Andrew Chandler charts how church leaders responded to the General Strike of 1926

Alamy

Workers in the north-east demonstrate during the General Strike in May 1926

Workers in the north-east demonstrate during the General Strike in May 1926

THE General Strike, which took place over nine hectic days a century ago this month, was precipitated by a deepening crisis in the British coal industry. One government commission, in 1919, had advised nationalisation; another, in 1926, rejected nationalisation and the continuation of state subsidies while also deprecating a lowering of wages. Neither made any difference: the mine owners were not listening. In fact, they were spoiling for a fight — and the miners themselves were increasingly martial.

The dispute was soon crystallised by a famous slogan: “Not a penny off the pay, not a minute on the day.” The Trades Union Congress (TUC) assured the miners of wider support — and this they duly got. On 3 May, a General Strike across many but not all industries began in earnest. It was, at once, a national crisis. Yet, in just nine days, the will of the TUC crumbled, and the General Strike was over. The dispute in the mines would still go on for months. For many miners, it would end miserably in near-destitution.

The General Strike broke at a time when Christian social thought and activity in Britain was at a very peak of its power across the Churches at large. In 1924, Christians of all kinds had come to Birmingham for the Conference on Christian Politics, Economics and Citizenship (COPEC). This was certainly a great moment, and its 12 reports sought to inform Christians about the issues of public life, while providing a picture how they might participate.

 

WHAT would happen now? In a speech in the House of Lords, the Archbishop of Canterbury, Randall Davidson, deplored the strike, but turned squarely to the Government for intervention. When Davidson produced an “Appeal from the Churches”, he found that he enjoyed enough support among them. But Lord Reith would not allow him to broadcast it.

It was the first indication that the political Establishment was closing ranks. Davidson, an adept oligarch, arguably looked too hopefully to the realm of private conversation in Parliament and Government to achieve acceptable ends. But he got nothing for his pains, and was increasingly convinced by what he heard there. Moreover, his position looked increasingly awkward: when he was invited to endorse an appeal for money to support mining families, he felt that he could not.

Meanwhile, church opinion at large was divided. The Bishop of Durham, Hensley Henson, saw the nation itself to be in danger and was wholly supportive of the Government. Cardinal Bourne castigated the strike as “a sin against the obedience which we owe to God”. Bishops William Temple (Manchester) and John Kempthorne (Lichfield) set up, largely on their own account, a Standing Conference of the Christian Churches on the Coal Dispute.
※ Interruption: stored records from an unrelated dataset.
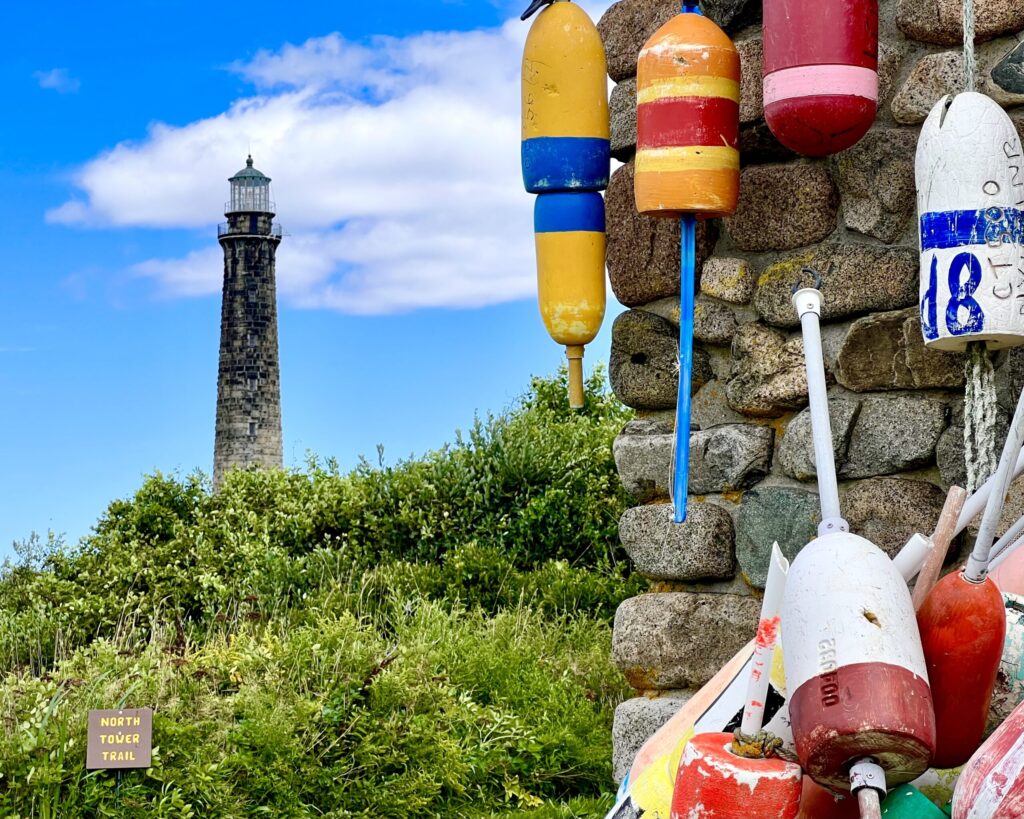 Lighthouses and their islands may be perceived as black and white silhouettes against flashes of lightning. And yet, pockets of color can be found, and stand out all the more against the gray.
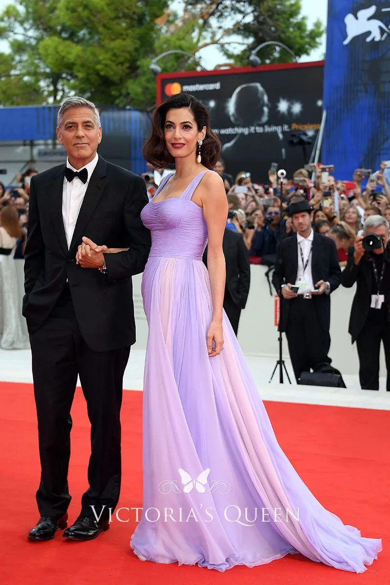 Amal Clooney in a pleated lavender chiffon long evening prom or red carpet dress with wide shoulder straps at the 74th annual Venice Film Festival 2017 red carpet.
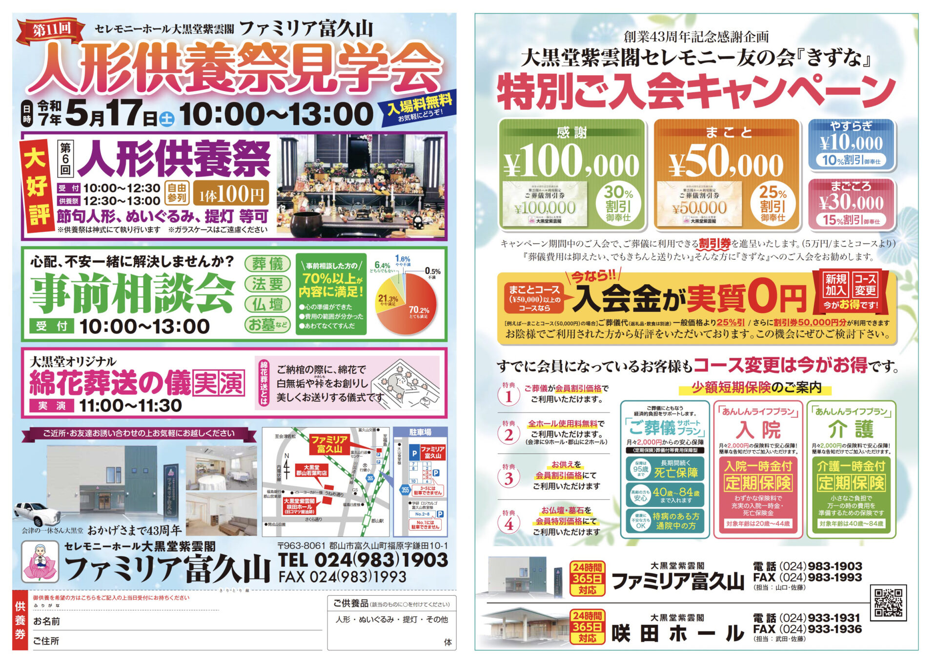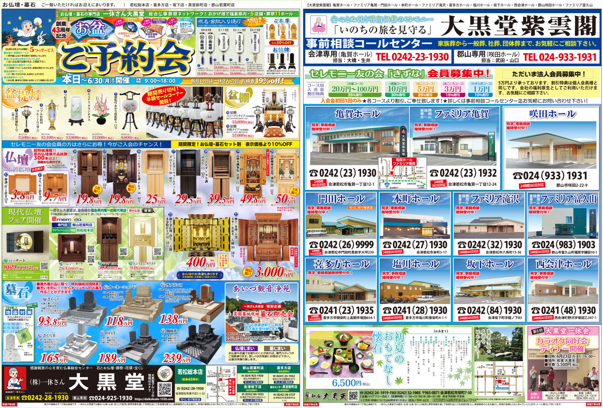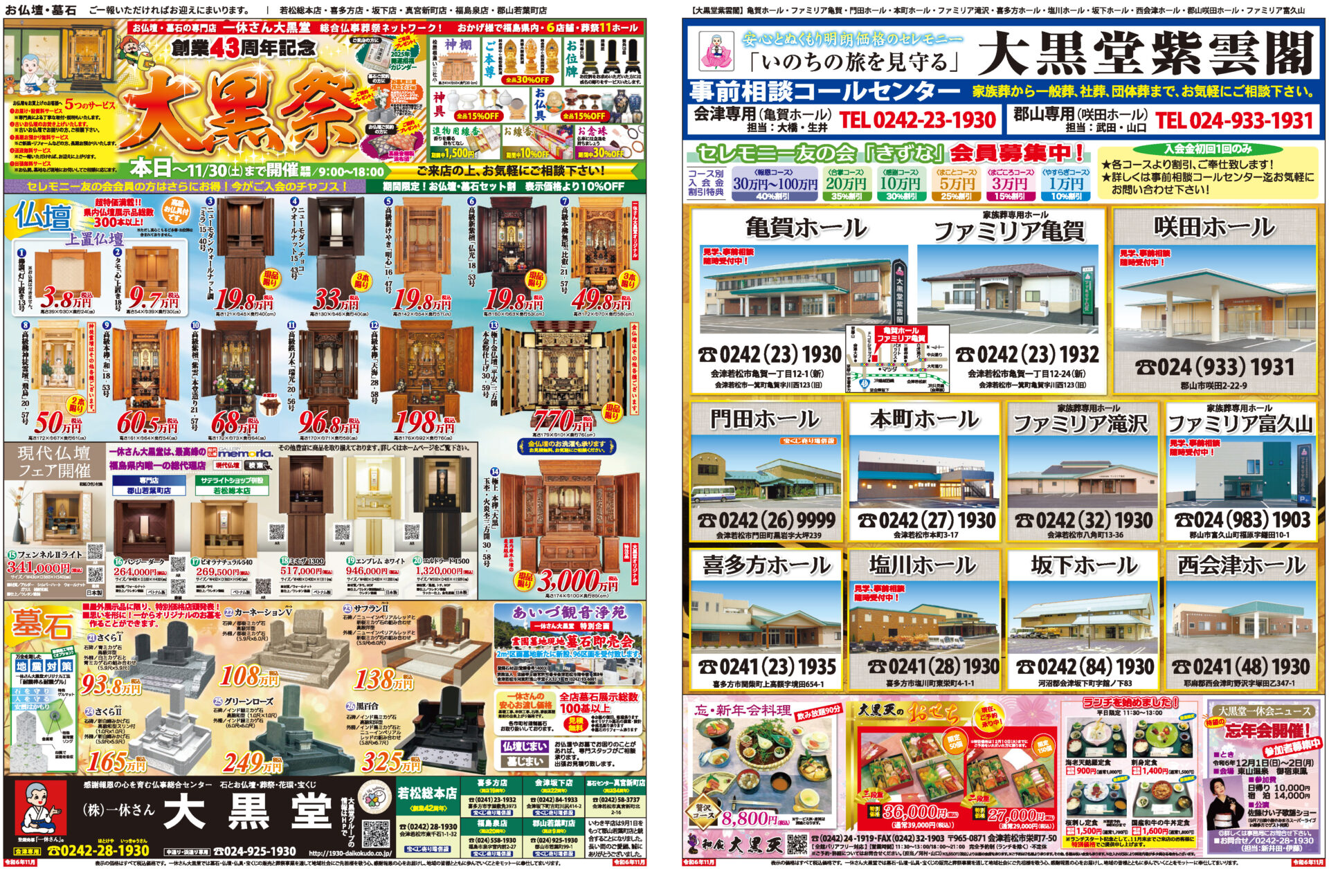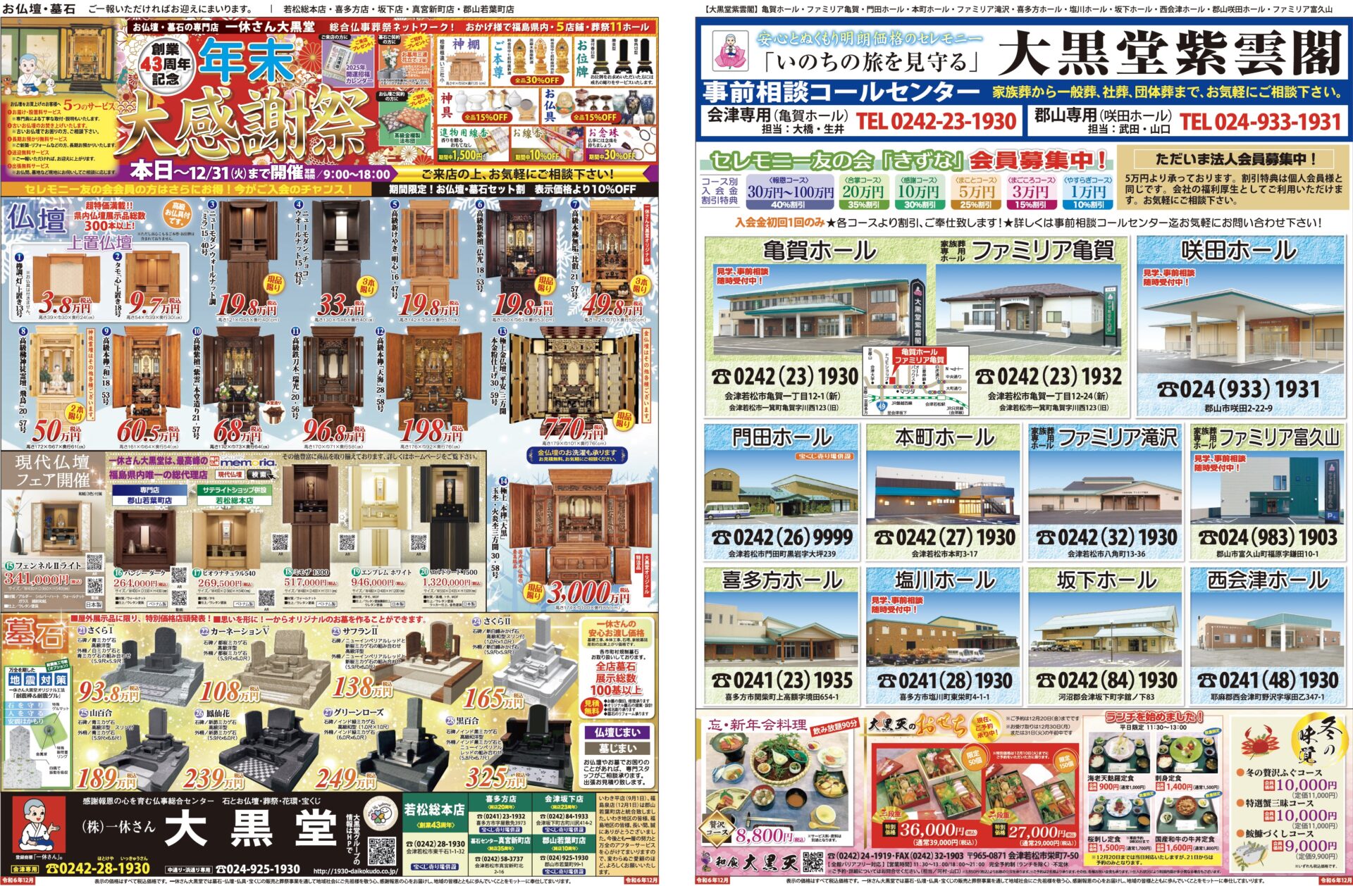 現在、福島県内一円で仏壇・墓石の販売を主とするご供養事業5店舗、葬祭のお見送り事業を担う大黒堂紫雲閣が11ホール、さらに各店舗、ホールに併設した宝くじ販売の開運お手伝い事業を展開しております。

This was no insignificant improvisation, but a weighty ecumenical enterprise. When the Standing Conference suggested that the Ecclesiastical Commissioners might now give up their mining royalties, duly calculated at an income of £300,000 a year, Davidson saw that this would affect clergy stipends.

Now the strains were beginning to show. When the Standing Committee tried to mediate between the parties in July, it collided with the far more promising work of another committee, chaired by Seebohm Rowntree, who complained that this sudden intervention had not shortened but protracted the mining dispute. When a deputation visited the Prime Minister, Stanley Baldwin, in Downing Street, it was put firmly in its place. A new statement, drafted by the Standing Committee, was repudiated sharply by Davidson and smothered. Meanwhile, the bishops were under sustained attack in the columns of The Times. It was not only the TUC and the miners who were defeated in the summer of 1926.

 

WHAT lessons were drawn from it all? The suggestion that the Churches had no real place or power in such a world of politics was often heard: they could only exasperate those hardy practitioners of political life, who were bargaining and manoeuvring as only they knew how. But Christians had seen that, while confining themselves to broad eirenic moral generalities might be much respected, hand-wringing lamentations were given very short shrift indeed. It would take some courage to return to such a field.

But the General Strike certainly cemented the electoral affinities of Stanley Baldwin, the presiding genius of a new centrist appeal to national unity, and Christian opinion at large. Here, Free Church people who had once admired the progressive strains of David Lloyd George’s new Liberalism now found themselves keeping company with the Anglicans. They became a chapter of what John Raymond would later call, in the title of his 1960 book, The Baldwin Age.

There is reason, no doubt, to forget it all: Britain is no longer an industrial society and, arguably, not even as much of a democracy as it was in 1926. There is not much talk of class antagonism; the old contests of Left and Right have died or assumed new forms. British politics looks increasingly defined by managerialism, insistent on technology and short of constructive ideas and hard cash, and by a compensatory populism that parades as politics while seeking to thrive on public incomprehension and alienation.

Whatever might be said of the Churches in 1926, it can at least be shown that they were present in the turmoil, sought to play their part as best they could, and became a part of its history. Today, we may well respect these things more highly than once we did — not least because we can no longer take them for granted.

Dr Andrew Chandler is Professor in Modern History at the University of Chichester.